Institute for Justice and Democracy in Haiti

L’insécurité Bat son Plein à Cité Soleil (Le Nouvelliste)

Par Duckenson Lazard, Le Nouvelliste

Déclarée zone de non-droit dans les années qui ont suivi le départ du président Jean Bertrand Aristide, la commune de Cité Soleil est de nouveau inquiétée par la recrudescence des bandits armés. Au nom de la population à qui aucune aide réelle n’a été apportée depuis plus de 7 mois, le Collectif des Notables de Cité Soleil réclame une augmentation rapide de l’effectif policier de la municipalité.

Haïti: Le Ministère Pasteur Enock, un sous-embranchement de CONOCS (Collectif des Notables de Cité Soleil), qui lui-même regroupe diverses organisations sociales et de la zone, a tiré la sonnette d’alarme lors d’une conférence donnée cette semaine pour attirer l’attention des autorités policières sur l’aggravation de la situation sécuritaire au niveau de ce quartier élevé au rang de commune lors du second mandat de l’ancien président Jean Bertrand Aristide en mars 2002. Ce n’est une nouvelle pour personne que les pratiques de banditisme ont repris sur les 116 sites d’abris provisoires recensés jusqu’à date à Cité Soleil. Intervenant au nom dudit Ministère, le révérend pasteur Jean Enock Joseph a fait savoir qu’ « à Soleil 13, 15, et 17, les bandits n’attendent pas qu’il fasse nuit pour rançonner les paisibles citoyens ». Les téléphones cellulaires ou tout autre objet de valeur, selon le Centre, sont comme des aimants puissants qui attirent les criminels vers ceux qui les portent à vue d’oeil.

Par ailleurs, les casses de maisons et/ou des tentes se poursuivent comme à l’accoutumée. Les viols sont devenus monnaie courante dans cette zone où les maisons sont réalisées avec des morceaux de tissus, a souligné le pasteur Jean Enock Joseph rappelant au passage le viol d’une adolescente de 12 ans par une dizaine de bandits. « Certains vont jusqu’à dire qu’à l’époque d’Evens Ti-Couteau et d’Amaral Duclonat, la vie était bien meilleure là-bas. On peut comprendre l’angoisse des gens quand on considère que pour cette commune la PNH ne dispose que de 64 policiers ».

Abordant le problème de l’effectif des policiers affectés à cette commune qui est l’une des plus misérables du pays, le Ministère Pasteur Enock, qui est aussi un centre de Développement et de Droits Humains, pointe du doigt les gens malintentionnés du gouvernement voulant faire passer Cité Soleil pour un endroit où n’habitent que des bandits et des malfaiteurs. À ce propos, le centre croit déceler un complot pour que la commune soit laissée à l’abandon.

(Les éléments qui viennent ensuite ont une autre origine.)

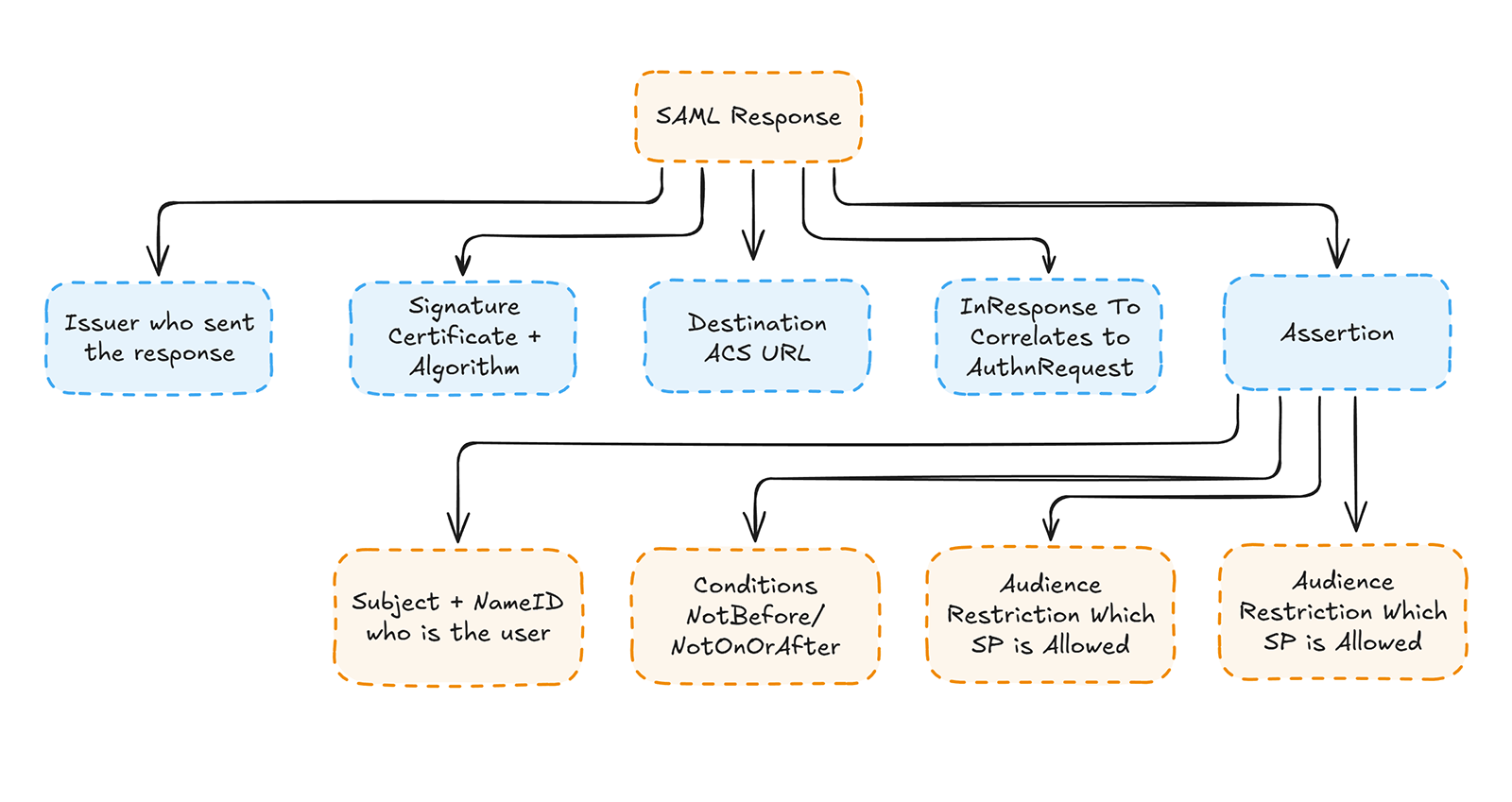 This flow provides the structural context you need to understand where failures occur within a SAML Response.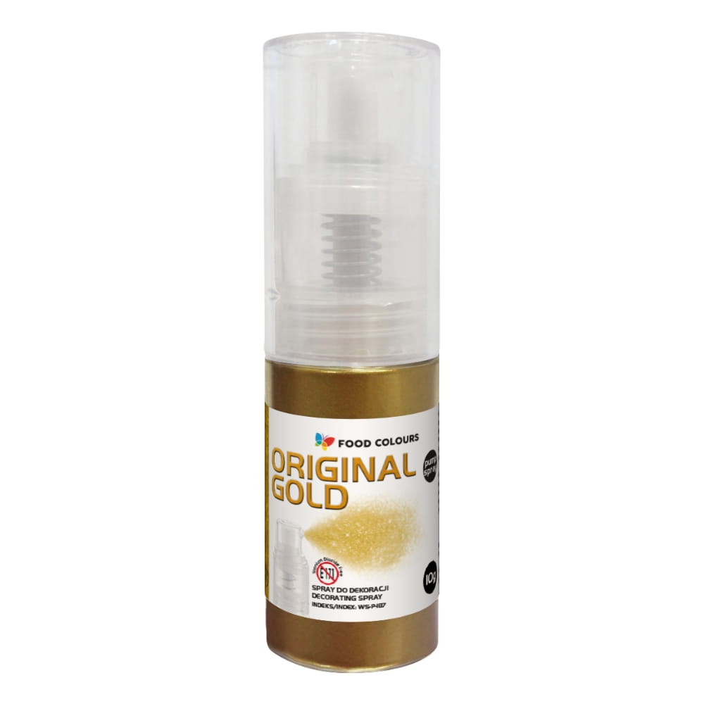 Jadalny brokat złoty w opakowaniu z pompką to uniwersalne rozwiązanie do dekoracji słodkosci. Intensywny kolor, idealny do dekorowania powierzchni. W wygodnej buteleczce z pompką (suchy spray). Idealny do dekoracji powierzchni masy cukrowej, kremu, galaretek. Nadaje się do pracy z aerografem, jak i do ręcznego malowania.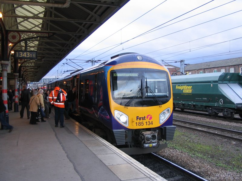 A First Transpennine Express DMU-3 Desiro UK class 185 185134 is seen standing on platform 2 at Scunthorpe station. This unit is working the 11:10 service to Meadowhall. Bank Holiday Monday the 26th of May 2008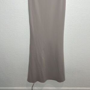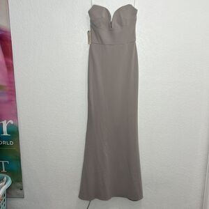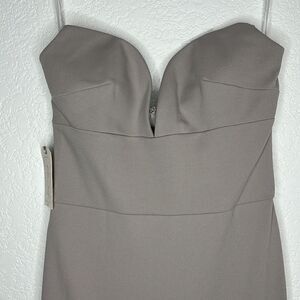 Be unique at your next cocktail event wearing gray! This is gorgeous, heavy weight material and ideal for the cooler months. Strapless sweetheart neckline, back zip, mermaid skirt. Column silhouette. Cocktail and black tie ready!

« Cité Soleil a besoin d’un vrain commissariat ; sans commissaire, même avec les trois bureaux de police, on ne peut pas parler de ”commissariat », soutient le leader religieux qui intervenait au nom des habitants du tristement célèbre bidonville de la Caraïbe à cause des affrontements armés intervenus entre des bandes rivales pour le contrôle absolu de la zone. « Avec 64 policiers pour une population de 500.000 personnes, on a seulement environ un policier pour chaque huit mille individus » , s’indigne-t-il avant de poser la question : « Comment expliquer le fait que Carrefour ait 400 policiers, Pétion-Ville 500, Port-au-Prince 600, et 400 pour Croix-des-Bouquets, alors que Cité Soleil ne possède même pas une centaine de policiers ? » Entre-temps, les vagabonds et les malfrats continuent d’attaquer les gens pauvres sans défense.

Ajouter 236 policiers au nombre actuel des agents affectés au commissariat de Cité Soleil, telle est la réclamation du CONOCS que le pasteur Jean Enock Joseph a reprise haut et fort. « Des policiers de prestige, exempts de toute combine, et qui ne réclament rien en échange de leur aide aux personnes sans défense », ajoute-il.

En attendant l’intervention des autorités publiques pour réduire le taux de violence à Cité Soleil, la population est en train de monter elle-même la garde pour éviter que les bandits ne mettent tous les habitants K.O.